SUPPLIED DATA:
++++++++++
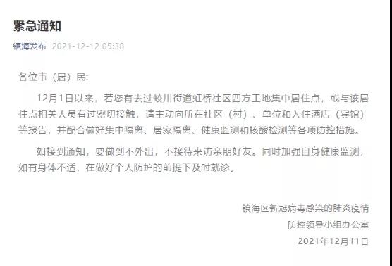 繼江蘇宜興之后,浙江寧波同一工地13人確診。浙江寧波鎮(zhèn)海區(qū)發(fā)布緊急通知,要求自12月1日以來,有去過蛟川街道虹橋社區(qū)四方工地集中居住點,或與該居住點相關人員有過密切接角的人員主動向所在社區(qū)(村)、單位和入住酒店(賓館)等報告 。
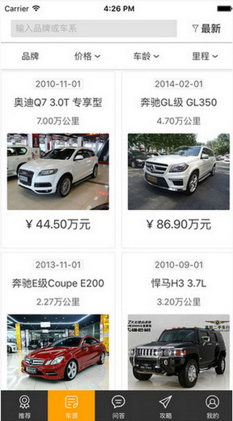推薦:為不同需求用戶整合車源,讓您在選車時有更多選擇;車源:數萬車源實時發(fā)布更新,保障車源讓您選車更輕松;
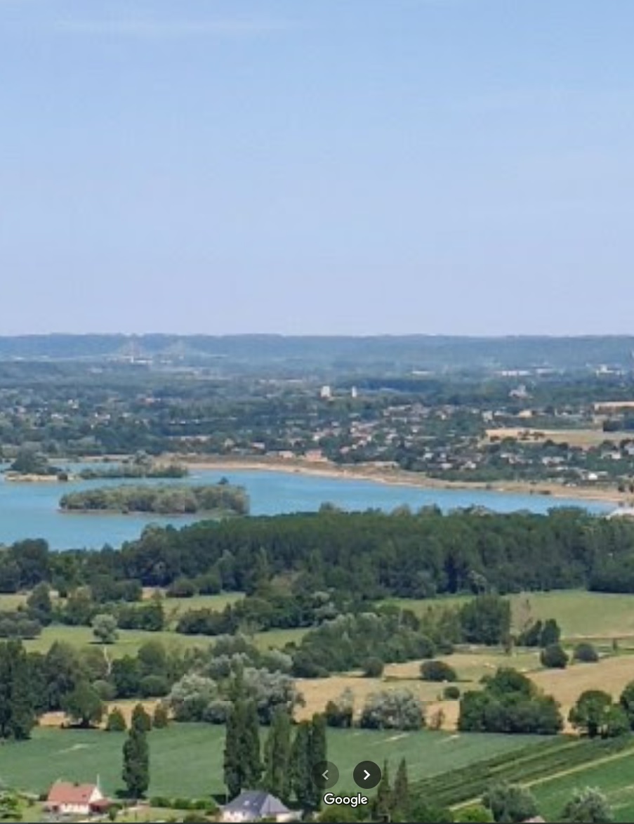 Surprisingly perhaps, given that this is the subject selected for engraving, this is the most difficult of the Jumieges watercolours to elucidate in terms of its topography. The form of the abbey is rather dashed-in but the north-west tower with its spire appears to the right of the shorter south-west tower. This establishes a viewpoint on the river slightly to the east of due south. Any such viewpoint would be over three miles distant. Google Earth has a streetview panorama by Edward Tap taken from the Belvedere de Barneville sur Seine – and even from such high ground at the edge of the escarpment the abbey is but a couple of specks. The distance implied by the watercolour is clearly much less than that, so must be imaginary. The river appears to pass to the right of the abbey instead of the left. Nor, in any view from the south is there any rising ground on the right bank of the river such as that depicted here, still less any church spire that might appear above the trees.
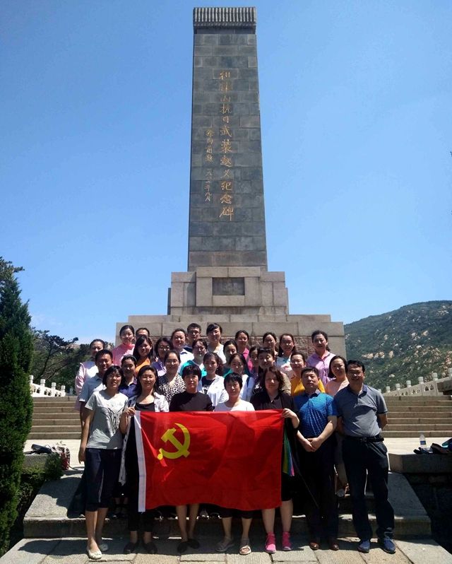 在徂徕山抗日战争纪念碑前,全体党员面向党旗重温入党誓词,并仔细阅读碑文,怀着崇敬的心情,全体人员听取了徂徕山抗日武装起义介绍。在徂徕山抗日武装起义展室,听讲解人员详细介绍了当年英雄们高举红旗,聚集在徂徕山抗日救亡的事迹,大家深受教育和鼓舞。
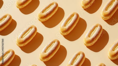 Serene Morning Scene: Freshly Baked Eclairs in Soft Light with Minimalist Aesthetic and Humorous Twist
++++++++++
ABOUT THIS EXERCISE: Your copy must hold every record above in its exact wording and must hold no pictures.

OUTPUT FOR THIS TASK:
 繼江蘇宜興之后,浙江寧波同一工地13人確診。浙江寧波鎮(zhèn)海區(qū)發(fā)布緊急通知,要求自12月1日以來,有去過蛟川街道虹橋社區(qū)四方工地集中居住點,或與該居住點相關人員有過密切接角的人員主動向所在社區(qū)(村)、單位和入住酒店(賓館)等報告 。
推薦:為不同需求用戶整合車源,讓您在選車時有更多選擇;車源:數萬車源實時發(fā)布更新,保障車源讓您選車更輕松;
 Surprisingly perhaps, given that this is the subject selected for engraving, this is the most difficult of the Jumieges watercolours to elucidate in terms of its topography. The form of the abbey is rather dashed-in but the north-west tower with its spire appears to the right of the shorter south-west tower. This establishes a viewpoint on the river slightly to the east of due south. Any such viewpoint would be over three miles distant. Google Earth has a streetview panorama by Edward Tap taken from the Belvedere de Barneville sur Seine – and even from such high ground at the edge of the escarpment the abbey is but a couple of specks. The distance implied by the watercolour is clearly much less than that, so must be imaginary. The river appears to pass to the right of the abbey instead of the left. Nor, in any view from the south is there any rising ground on the right bank of the river such as that depicted here, still less any church spire that might appear above the trees.
 在徂徕山抗日战争纪念碑前,全体党员面向党旗重温入党誓词,并仔细阅读碑文,怀着崇敬的心情,全体人员听取了徂徕山抗日武装起义介绍。在徂徕山抗日武装起义展室,听讲解人员详细介绍了当年英雄们高举红旗,聚集在徂徕山抗日救亡的事迹,大家深受教育和鼓舞。
 Serene Morning Scene: Freshly Baked Eclairs in Soft Light with Minimalist Aesthetic and Humorous Twist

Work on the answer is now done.